The following reply was made to PR bin/50960; it has been noted by GNATS.

From: Robert Elz <kre%munnari.OZ.AU@localhost>
Subject: Re: bin/50960: /bin/sh generates incorrect value for && and || inside $(( ))
Date: Sun, 13 Mar 2016 05:10:47 +0700

     Date:        Sat, 12 Mar 2016 21:34:59 +0000
     From:        <>
     Message-ID:  <>
   | Actually, 0 for true and non-zero for false,
 It actually isn't, not for expressions in $(( ))
 You're thinking of the && and || command line operators, and exit
 statuses from commands, where non-zero is false and 0 is true.

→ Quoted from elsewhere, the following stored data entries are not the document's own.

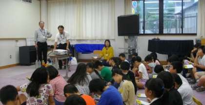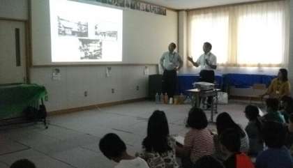 地域にある川島セルコン様にお世話になり,4年生が環境についての学習を進めました。今日は,昔の市原野の写真の紹介をまじえ,鞍馬川の果たしてきた役割と私たちが大切にしたいことについて学習をしました。お話を聞きながら,熱心にメモをとる姿が印象的でした。
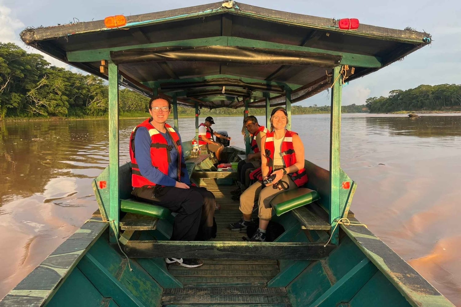 After lunch we will navigate the Tambopata River where we will see a great sunset and at dusk we will go down with the engine off in search of alligators and wild animals.
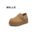 百丽(Belle)千层可颂质感勃肯鞋女2025秋新款商场厚底增高休闲鞋E4S1DCM5预售 棕色 36 36
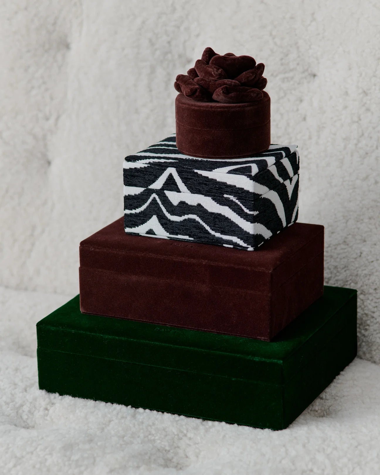 Day Velvet Flower Jewelry Round Winetasting fra DAY er et rundt smykkeskrin med en dekorativ blomst på lokket, laget i myk velur både innvendig og utvendig. Innsiden har praktiske rom for ringer, halskjeder og små øredobber, med ringdeler og kroker i lokket for enkel organisering. Den magnetiske lukkingen holder alt trygt samlet på en elegant måte.

 At that level, the kind of evaluation that $(( )) is doing
 is correct, that is, if you were (for some obscure reason) to do
 	(exit 3) || (exit 4)
 The result would (correctly) be "4" (that's what $? would be set to),
 which is "false" if the value is ever used that way.
 Generating 0 or 1 (whichever is to be true and false) in that situation
 would be wrong.
 It is currently very unlikely that anyone is actually currently
 using || or && in arithmetic expressions, as there is no way to use
 the value in any sensible way.   That is, there is (currently) no
 testing operator (see PR bin/50958)
 If one were to attempt
 	$(( x + ( y && z ) ))
 then in C (which is the model for these expressions) you'd get (the value
 of) x, or x+1
 But in shell (currently) you get x or x + z (never x + y) which isn't
 a very useful outcome, I don't think.
 In any case, in these expressions it is definitely 0 for false and != 0 for
 true (on input, when generated, the value is 1).
 And that is what $(( 6 > 4 )) gives (1) (or $(( 6 < 4 )) --> 0 ) and all
 the similar relational operators as well.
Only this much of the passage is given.